EL PRESIDENTE DE LOS GRIFOS DE ORO
Patrick Bateman, el asesino en serie de la novela American Psycho, tiene entre sus indiscutibles mitos a Donald Trump. Teniendo en cuenta este dato literario no me resulta extraño que, con el mismo entusiasmo frenético que despliega Bateman en la novela, muchos personajes del entorno político extremoderechista hayan manifestado su radical admiración por Donald Trump. El fachimbo -singular tropilla que siempre sabe arrancarnos la sonrisa- y su inesperada afición a celebrar los resultados de unas elecciones democráticas.
En 1.991, Bret Easton Ellis publicó una de las críticas más ácidas y lúcidas que se han escrito sobre los usos y costumbres sociales de los últimos años del siglo XX. En American Psycho -y a través del humor negro de un relato dibujado con múltiples contrastes de delicada ironía, profunda crueldad y descarnado realismo- se contaba la historia del yuppie y psicópata Patrick Bateman, al tiempo que se criticaba un mundo caracterizado por la idealización suprema del éxito económico, el culto al cuerpo, el hipermaterialismo sin barreras, el sexismo machista y el clasismo como pauta en las relaciones humanas. La América de principios de los 90. Y como recordaréis todos aquellos de vosotros que la hayáis leído, este elegantísimo y cultivado asesino en serie tiene -entre sus máximos héroes y mitos- a Donald Trump.
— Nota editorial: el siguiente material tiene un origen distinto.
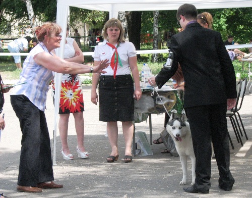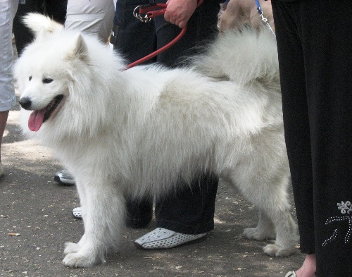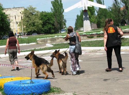 Не могу похвастать познаниями в кинологии, поэтому судить о достоинствах и недостатках участников выставки не берусь. Субъективно: выставке в немалой степени помешала жара. Мучились владельцы, мучились собачки, - а ну-ка, побегай, да еще красиво, по раскаленной асфальтовой площадке при плюс 30!
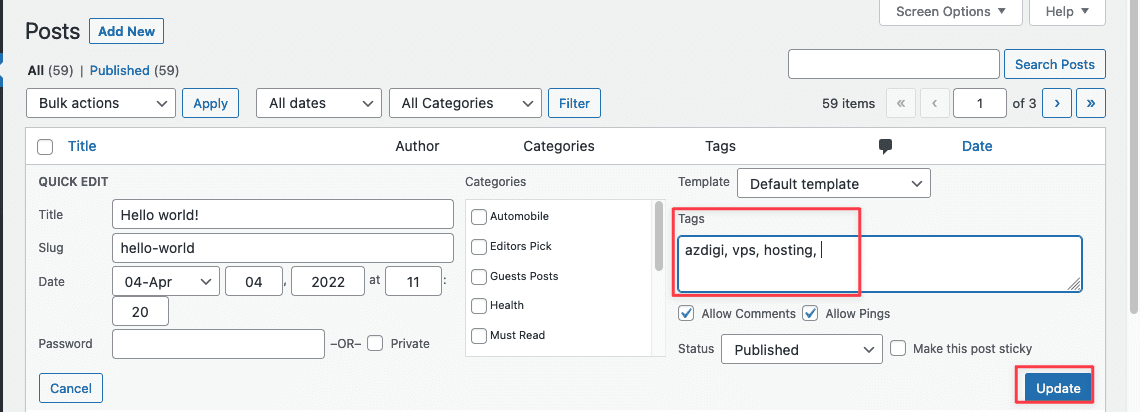 Bạn cũng có thể thêm thẻ nhanh bằng cách di chuột vào tên bài viết và chọn Quick edit (Sửa nhanh)
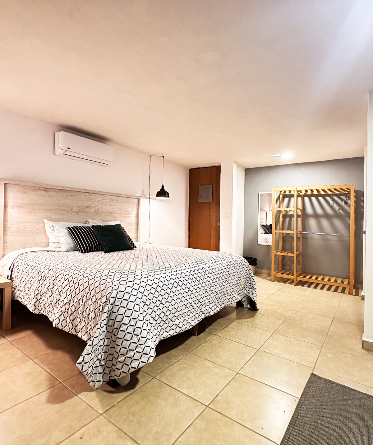 Recámara en planta baja con cama matrimonial, minicocineta y baño privado, pensada en el confort de 1 persona (6 m2) aunque suele albergar una 2da persona (costo adicional), en un espacio creado como santuario para aves diurnas y nocturnas. Nuestro check in comienza a partir de las 14.00 hrs., aún así podemos resguardar tu equipaje en nuestros locker sin costo adicional a partir de las 09:00 hrs. Nuestro early check in/late check out tiene un costo de $150 M.N por hora (sujeto a disponibilidad)
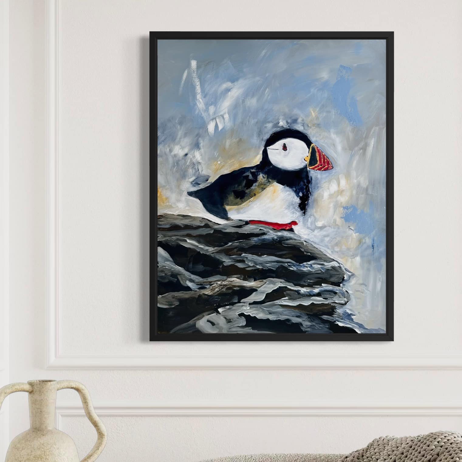Primært, da det er mere sikkert end fragt med en transportør. Samtidig vil jeg også gerne vise dig maleriet i mit studies inspirerende rammer, og give dig tips og tricks til placering og styling af dit maleri.
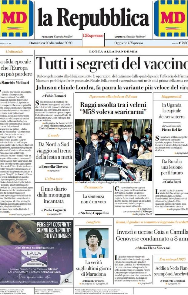 Prima Pagina, La Repubblica: “Covid, tutti i segreti del vaccino. La sfida epocale che l’Europa non può perdere”
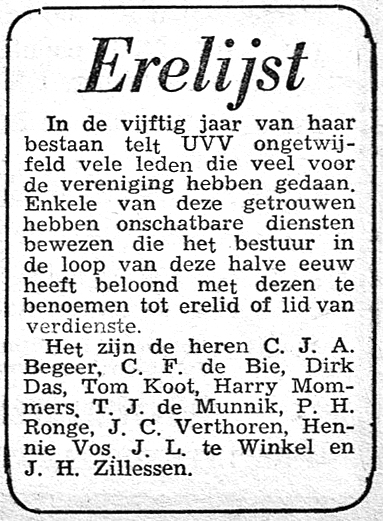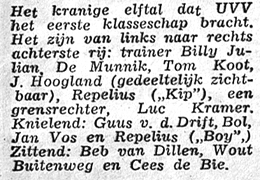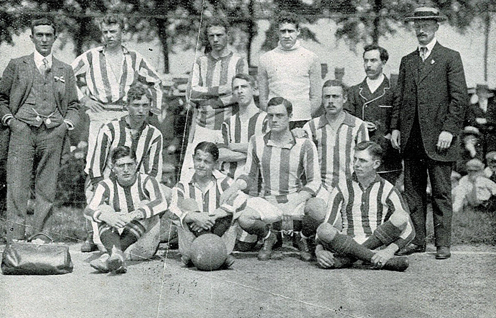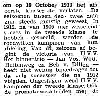 Jan Vos, de aanvoerder van U.V.V. in de strijd om het landskampioensschap in 1917.
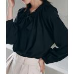 ブラウス シャツ フリル衿ボウタイギャザーブラウス レディース
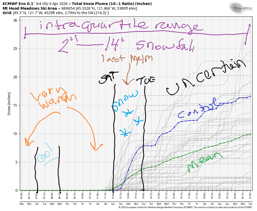 Hey skiers and snowboarders! Another sunny and (mostly) dry week is on tap for Mt. Hood. In an ironic twist, cooler temps and a little snow are likely for closing weekend at Mt Hood Meadows. Beyond next Sunday, uncertainty is quite high – the range for 850mb temps is 0-8C (approximately) through the 21st of the month, the end of this particular model run. In other words, no conclusions can be drawn, but snow is an unlikely outcome beyond next Monday.
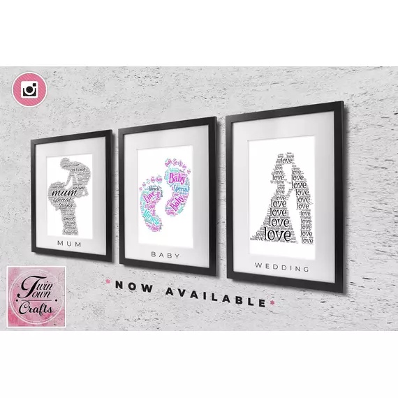 Photographs shown are for illustration purposes only. Because you provide your own unique set of words, the layout, colour differentiation and font sizes of your personalised print will differ from the ones shown but will be equally stunning.
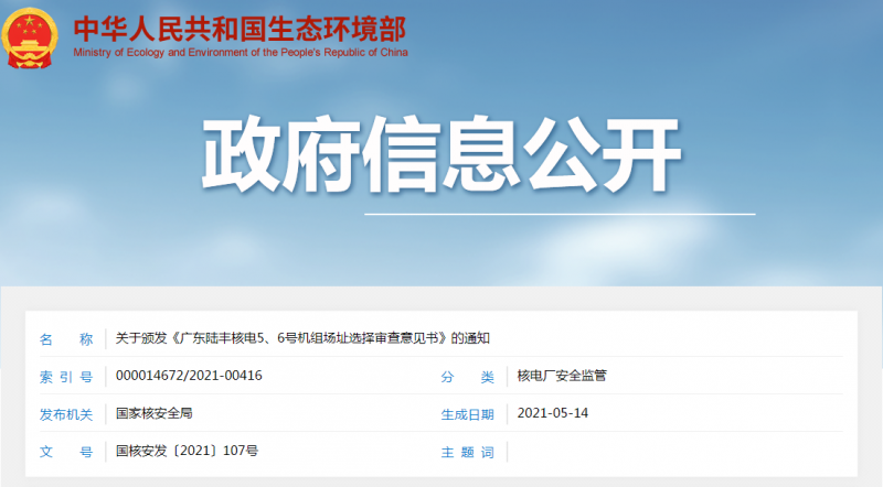 根據《中華人民共和國核安全法》及相關核安全法規,我局對你公司提交的《廣東陸豐核電5、6號機組選址安全分析報告》及相關文件進行了核安全技術審查,未發現場址存在影響廣東陸豐核電5、6號機組安全且不能采取工程措施解決的顛覆性因素。我局決定向你公司頒發《廣東陸豐核電5、6號機組場址選擇審查意見書》(國核安證字第2113號,見附件)。
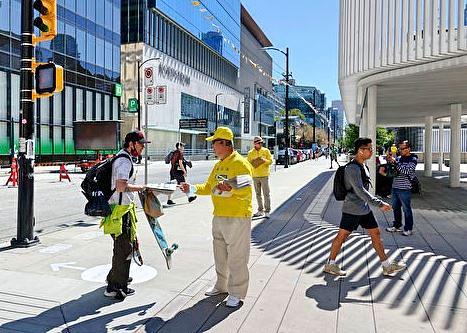 Falun Gong praktikanti iz Vancouvera su se 12. jula okupili na platou ispred Umjetničke galerije u Vancouveru, radi grupnog izvođenja vježbi i podizanja svijesti o dvadesetjednogodišnjem progonu u matici Kini.
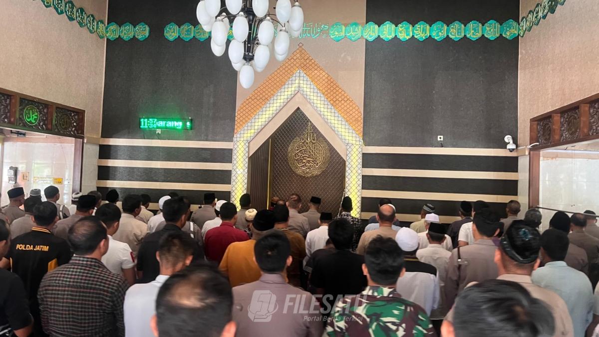 Sholat ghaib dilaksanakan di Masjid Roudhotul Jannah, Mako Polresta Banyuwangi, Jumat (29/8/2025) siang, usai pelaksanaan sholat Jumat berjamaah.
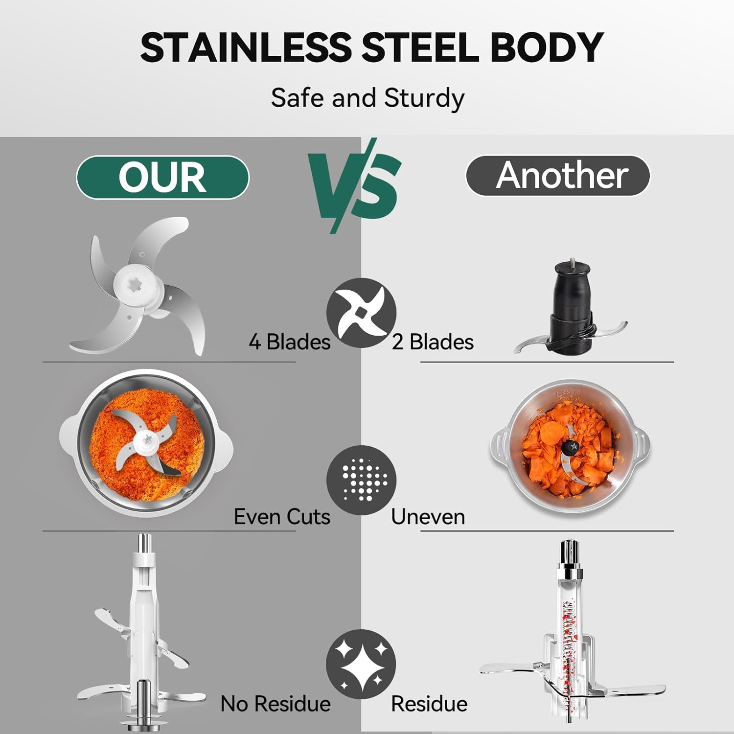 - Easy to Clean & Store: stainless steel food chopper resist to scratch and corrosion, compact and lightweight, perfect size of this meat grinder electric for everyday use in the kitchen, dishwasher-safe
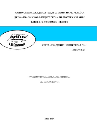 Березівська, Лариса Дмитрівна (orcid.org/0000-0002-5068-5234), Заліток, Людмила Михайлівна and Покусова, Олена Сергіївна (2016) Sukhomlynska Olga Vasulyvna. Bibliography . НАПН України, ДНПБ України ім. В. О. Сухомлинського, м. Київ, Україна.
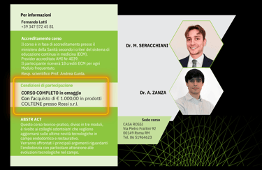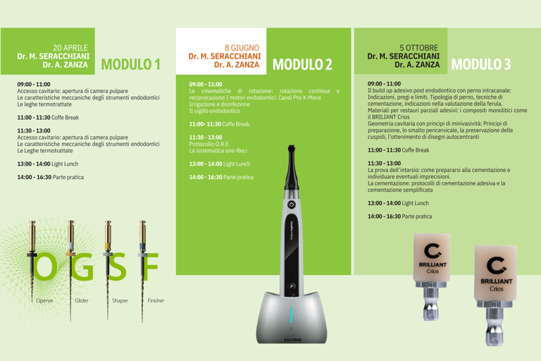 Corso in 3 Moduli con 54 Crediti ECM: Aggiornamento Tecnologico in Endodonzia e Restaurativa

En esa época -y por supuesto en esta- Donald Trump era el símbolo de todo aquello que el libro reflejaba. Porque Mister Trump no es un outsider alternativo que defienda un conjunto de valores distintos a los imperantes dentro del sistema capitalista. Donald Trump siempre nos ha acercado a los terribles escenarios del megacapitalismo tenebroso: un espacio económico caracterizado por el indivualismo férreo, por el egoísmo y la insolidaridad social y por la búsqueda del beneficio a cualquier precio. Donald Trump representa todo lo que de negativo, cutre y choricero puede tener América y la exacta delimitación de sus peores defectos. Los caracteres del viejo capitalismo que han hecho muy grandes a unos pocos y muy pequeños a otros muchos. Encarna, en definitiva, a la América que no nos gusta.
No me gusta su forma de tratar a las mujeres. No me gusta su admiración por el gangster de Putin -malos tiempos se ciernen sobre Ucrania o sobre los opositores sirios- y no me gustan ni la criminalización del inmigrante ni el levantamiento de muros fronterizos. El aislacionismo estadounidense no ha solido ser más -desde la perspectiva de la Historia- que el preámbulo de grandes cataclismos mundiales: con esta posición de pasividad en el exterior, se abren las posibilidades de intervención de las dictaduras expansionistas.
Pese a todo ello, se nos suele olvidar que son los ciudadanos estadounidenses los que han elegido a Donald Trump. Nosotros creemos que este plutócrata gordo, grosero y hortera es impresentable. Europa y su propia manera de entender la cuestión. Sin embargo, millones de americanos no lo creen así: han conectado con su mensaje y han confíado en su capacidad de liderazgo. Y es aquí donde radica, precisamente, la principal limitación a los aspectos populistas del programa de Trump: en el origen democrático de su mandato y en la imposibilidad de quebrar el modelo de contrapesos del poder que, desde aquel ya lejano 1.776, se ha venido consolidando en los Estados Unidos de América. Porque no es ilimitado el poder del Presidente y porque, en consecuencia, sus iniciativas políticas deben siempre ajustarse a la Constitución y a las leyes. Porque esta atípica y mediática Presidencia no podría romper -aunque lo pretendiera- el complicado esquema de equilibrios y de garantías constitucionales de un sistema democrático plenamente consolidado.
Por eso, me gusta creer que Donald Trump y su grifería de oro no suponen más que una anécdota más de estos tiempos revueltos y difíciles. Una muestra más de algo que, en España, llevamos tiempo asimilando día a día: que aquello de la nueva política no es más que un conjunto de soluciones ineficaces, de posturas televisivas absolutamente vacías de contenido, de un inaudito mal gusto y de un maleducado horterismo en las formas. Por suerte, a este Presidente le sucederá otro y, mientras tanto, asistiremos con curiosidad a los primeros movimientos de esta nueva etapa que, al igual que en el mundo entero, se está abriendo en los Estados Unidos. Una nueva política de grifos de oro, de meñiques levantados y de basura moral -y también de la otra- que se nos viene encima.